American baseball coach (born 1973)

Michael David Martin Jr. (born February 19, 1973) is an American baseball coach and former catcher. He was most recently the head baseball coach at Florida State University. Martin played college baseball at Manatee Community College in 1992 and at Florida State University from 1993 to 1995 for coach Mike Martin and in Minor League Baseball (MiLB) for three seasons from 1995 to 1997.

Martin was born in Tallahassee, Florida. His father, Mike Martin Sr. was a center fielder for Florida State and a college coach at Florida State. He attended Maclay School in Tallahassee. After graduation from high school, he was selected by the Seattle Mariners in the 34th round of the 1991 Major League Baseball draft, but decided to attend Manatee Community College to play baseball. After his freshman year, he was recruited to play college baseball at Florida State. After his junior year, he was once again selected by the Mariners, this time in the 1994 Major League Baseball draft's 17th round. In the summer of 1994, he played collegiate summer baseball with the Orleans Cardinals of the Cape Cod Baseball League.
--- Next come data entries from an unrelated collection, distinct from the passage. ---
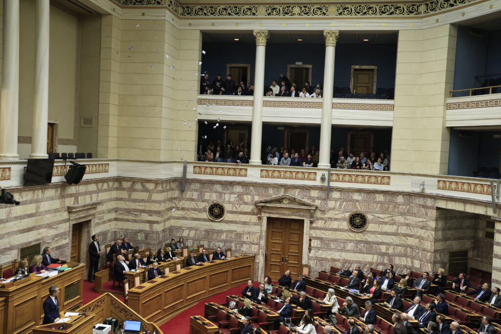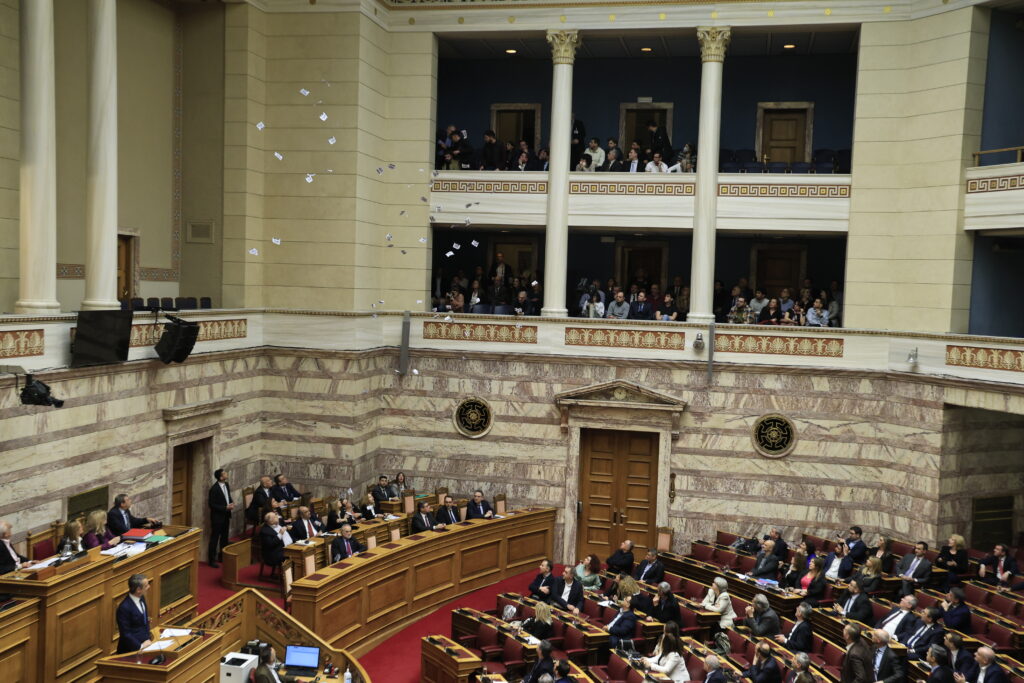 Ομάδα ατόμων που βρήκε πρόσβαση στην αίθουσα της Ολομέλειας της Βουλής πέταξε φέιγ βολάν όταν στο βήμα ανέβηκε ο Κυριάκος Μητσοτάκης.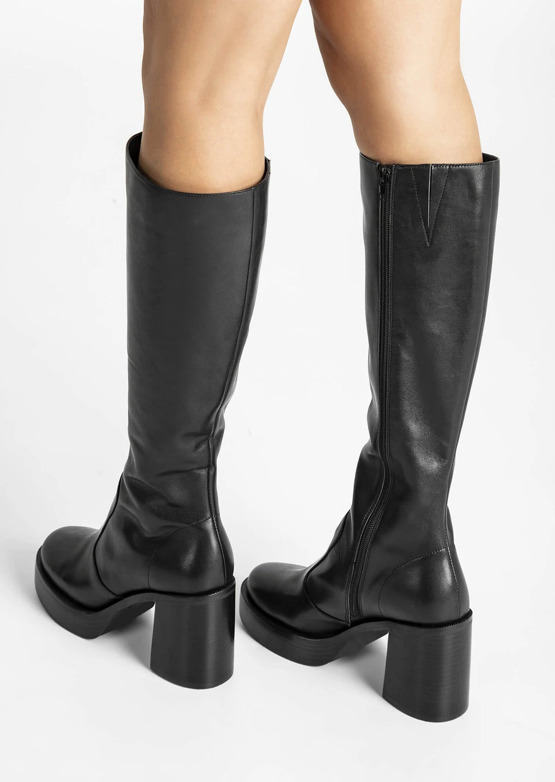 Showcasing a stand-out squared toe and an ultimately chunky sole and heel, the Toni knee-high boot will make a statement this season. Made with a leather upper, lining and cushioned sole and finished off with a truly 90’s aesthetic.
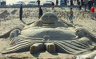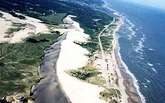 昌黎黃金海岸有52公里長的海岸線,距著名的避暑勝地北戴河僅15公里,但與北戴河不同的是,這里幾乎無石可言,卻有著只有在戈壁灘和黃海故道才能領(lǐng)略的沙漠風光。沿著海岸連綿起伏的一道道新月形沙丘,蜿蜒成一條長達上百里的“金龍”,處處金光閃閃,令人賞心悅目。緊傍這“金龍”的是由近8萬畝防風固沙的林木組成的林帶,黃綠交織,把蔚藍的大海映襯得撲朔迷離,金碧輝煌。 |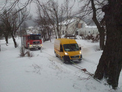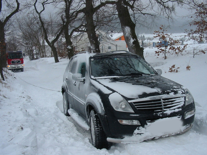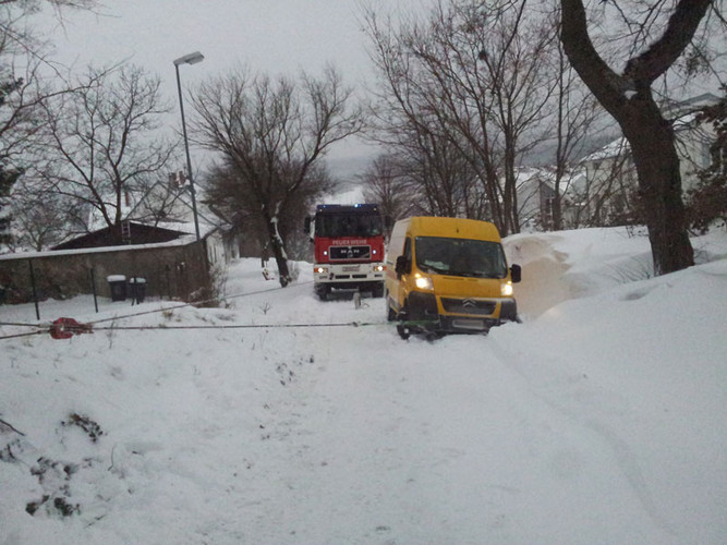 Daraufhin rückten zwei Mann mit dem RLFA 3000 zur angegebenen Adresse aus. Die Lageerkundung ergab folgendes Bild: Der Kastenwagen rutschte auf schneeglatter, teilweise zugewehter Fahrbahn rückwärts in den ca. 50 cm tiefen, von Schneewechten verdeckten Straßengraben und konnte aus eigener Kraft weder vor noch zurück. Da die Straße an dieser Stelle nur einspurig ist und von einer steilen Böschung einerseits und dem Straßengraben auf der anderen Seite begrenzt ist, konnte die Stelle von keinem Fahrzeug mehr passiert werden.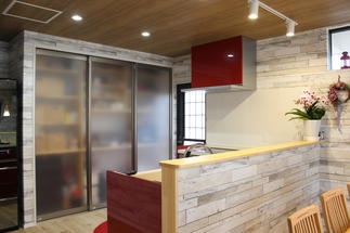 元々ひとつの部屋にキッチンとリビングがあったのを、増築し、リビングとキッチンを別々にしました。キッチンを撤去した部屋にはリビングを、増築した部屋にダイニングキッチンを。システムキッチンは対面キッチンからL型キッチンに新しく変えました。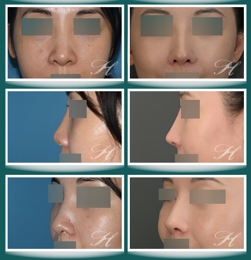 - - 手術效果因人而異,上圖為該案例實際術後成效 - -M小姐,因為鼻頭低矮、鼻樑寬大不夠立體、鼻翼過寬、法令紋凹陷。因此他到麗舍整形外科找到蕭彥彰教授幫忙,蕭教授移再利用自體肋骨軟骨進行鼻頭調整,併採用ePTFE (Gortex)進行鼻樑增高、同時利用切碎肋骨(Diced cartilage)進行法令紋填補(貴族手術 ;paranasal augmentation)、縮鼻翼 。達到成功的鼻整形結果,同時改善凹陷的中臉及法令紋。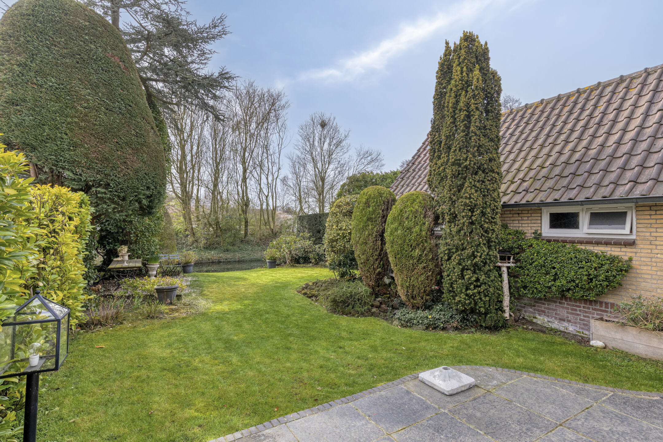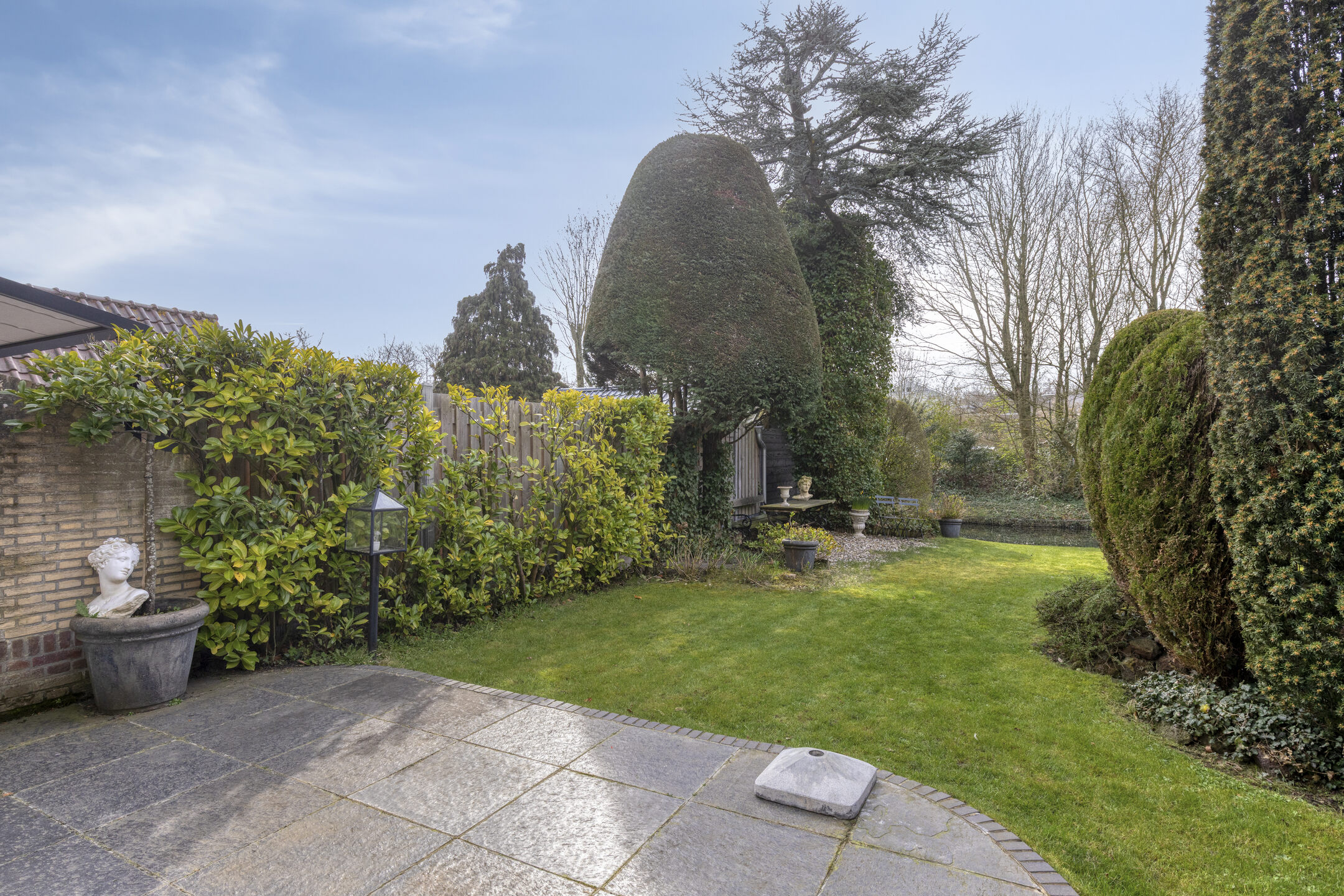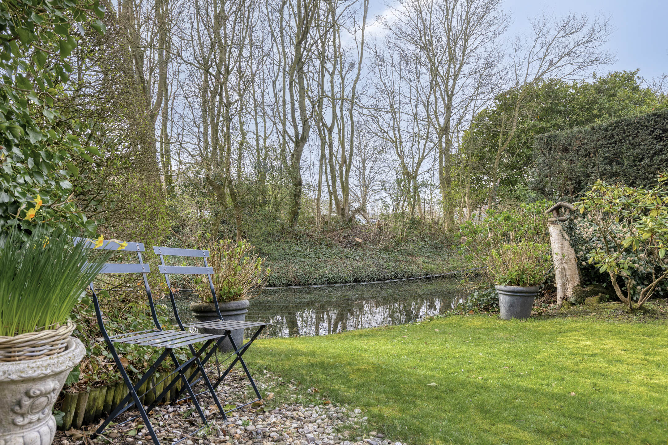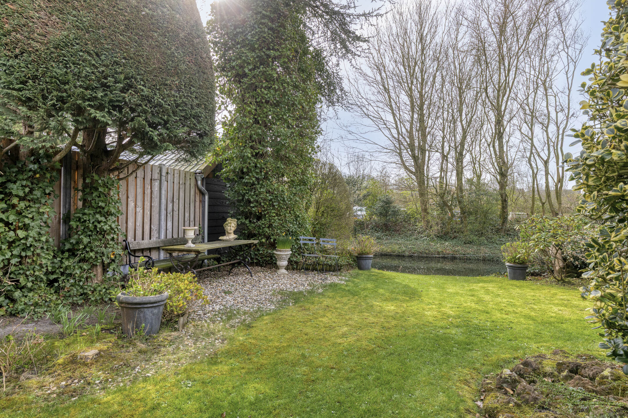 Diepe, brede en zeer beschutte achtertuin met ligging aan het water.

Martin returned to Florida State for his senior season where he was drafted in the ninth round of the 1995 Major League Baseball draft by the San Diego Padres.

In 2019, Martin was named the head coach of the Florida State Seminoles baseball program, succeeding his father.

Martin was fired from his position of head coach on June 10, 2022.

Statistics overview
| Season | Team | Overall | Conference | Standing | Postseason |
Florida State Seminoles (Atlantic Coast Conference) (2020–2022)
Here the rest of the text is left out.